Dizzy Dean, giving in to the crowd’s urging, strode from the dugout back onto the mound.
I had to wait for the applause to die down before I could say, “That sounds expensive, too.”
“Not if you can stick the government for it.
“And FDR okayed that?”
“Yes, sir.”
“What does the government get out of it?”
Bartell singled to right; Whitehead scored, tying the game. The crowd roared in dismay.
“That’s where Howland Island comes in,” Mantz said. “And to answer your question, Howland Island is a desolate dab of nothing in the middle of nowhere, half a mile wide and one mile and a half long, covered with seagull shit.”
“Just what is Franklin Roosevelt’s interest in a bird-shit repository?”
He threw a hand in the air, rolled his eyes. “Hell, I don’t know the politics, or the military ramifications, not really. But Howland and a couple other little islands are just about the only land between Hawaii and the Marshall Islands.”
“So what?”
“The Marshall Islands belong to the Japanese.
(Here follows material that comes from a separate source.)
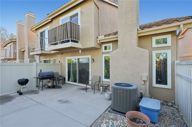 3 bed, 2.5 bath home located in the Sonrisa community is ready for it's new owner. The interior offers soaring ceilings with lots of natural light, newer interior paint, newer interior doors, and all new dual pane windows and sliding door installed in 2022. The living room opens to the dining area with wainscoting and a slider to the private, low maintenance, fully fenced, paved back patio oasis with views of nice surrounding trees and landscaping - a great space for relaxing and entertaining guests. The kitchen has a beautiful coffered ceiling, white cabinetry with lots of storage space, new backsplash, and a new microwave installed in 2023. The kitchen also features direct access to the attached Garage! A half bathroom completes the main floor. All bedrooms are located on the 2nd floor including the large primary suite with private bistro balcony offering backyard and citylight views. The primary suite also has 2 large closets as well as a private ensuite with dual sinks, and there is a full-size hall bathroom with newer tile for the 2 secondary bedrooms to share. The 2-Car Garage has built-in shelving, and the home features ADT Alarms with cameras. Residents also get to enjoy a community pool and spa, and this home is conveniently located near many shopping and dining options as well as schools, and not far from the 71 and 60 Fwys! This charming home is all set for its new owner to create a future full of cherished moments!
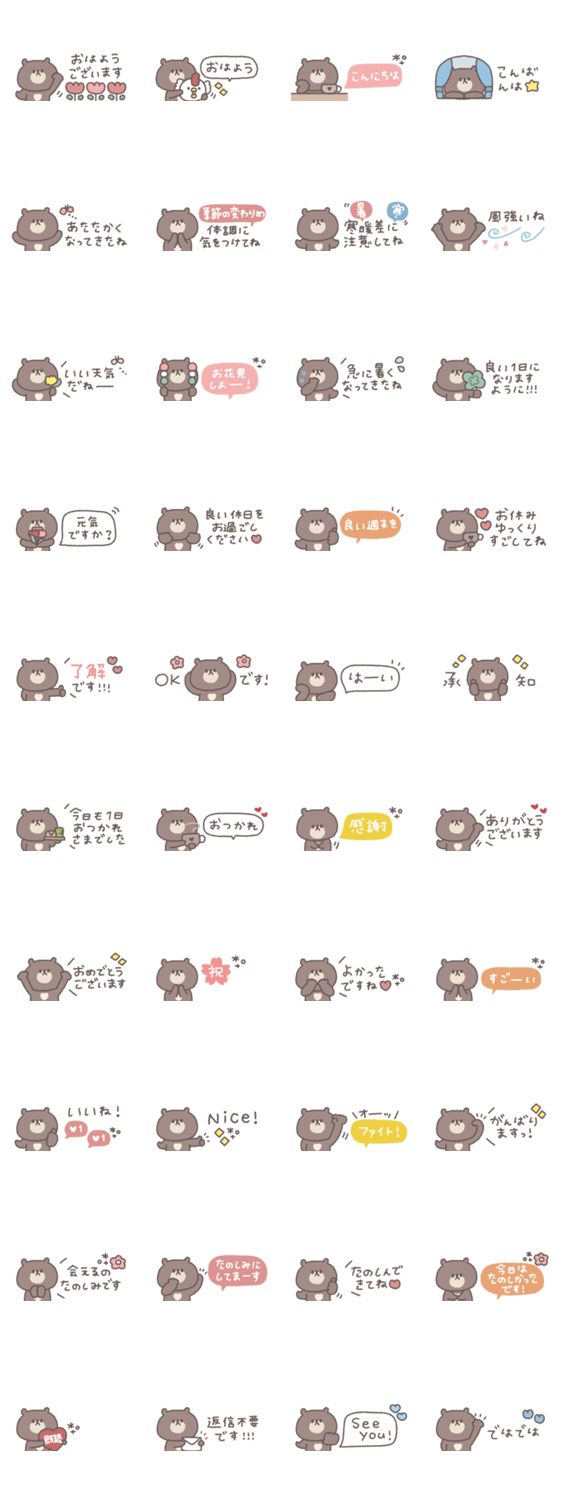 一つあると便利な小さくてかわいいくまのスタンプです。 くま/大人可愛い/シンプル/あいさつ/吹き出し/くすみカラー/省スペース/春

There’s talk of the Japs and military expansion in the Pacific. This is all over my head, Heller, but even for somebody who doesn’t read anything but the funny pages, it’s not hard to figure: Uncle Sam musta needed an excuse to build a runway on Howland.”
“And Amelia was it.”
Down on the field was a flurry of play, and the crowd groaned in agony. Runs on hits by Lou Chiozza and Joe Moore had the score Giants 3, Cards 1.
Mantz said, “I heard G. P. say the government shelled out over three hundred grand, sending the Coast Guard dragging five-to
n tractors over reefs and shoals…just as a courtesy to this famous civilian aviatrix, to aid her on her world flight.”
I had to smile at what seemed like outrageous string-pulling and manipulation of the government on G. P.’s part. “That doesn’t sound like a sellout to me, Paul. Sounds like you scratch my back, I scratch your back.”
“It didn’t bother me, either, at the time. G. P. wasn’t even that secretive about it. Oh, he’d say, ‘Now this is confidential,’ but he got a kick out of telling how he’d conned the taxpayers into paying for Amelia’s landing strip.”
Hubbell was down there striking Cards out so quickly, it was hard to keep track.
“So,” I asked, “why does it bother you now?”
Mantz’s eyes narrowed. “This change of direction in flight plan—the first try was east to west; but now, all of a sudden, it’s west to east.”
“Yeah—Amelia told me it had to do with ‘changing weather conditions.’”
He smirked and shook his head. “That’s the story G. P.’s handing the press—‘a seasonal change in wind patterns.’ It’s baloney—hardly any ‘seasonal change’ happens in weather along the Equator, and zero change in wind direction. Prevailing wind’s always east to west, the opposite of wind in the northern and southern hemispheres…. Hell, that’s why she chose flying east to west, in the first place!”
I was barely following him. “I don’t know beans about flying, but it seems to me, bucking the prevailing wind is stupid.”
“That’s as good a word for it as any. And switching the flight plans to west to east meant everything from the previous attempt had to be scrapped—creating all kinds of problems, adding huge expense in a situation where scrimping would seem mandatory.”
“What kind of added expense and extra problems?”
“Fuel, oil, spare parts, and personnel, in place for the east-west flight, had to be moved—for example, a mechanic dispatched from London to Karachi had to be assigned to somewhere else, Rangoon maybe, or Singapore. Credentials had to be reacquired, charts replotted, creating hours of work for engineers and mechanics at Lockheed.”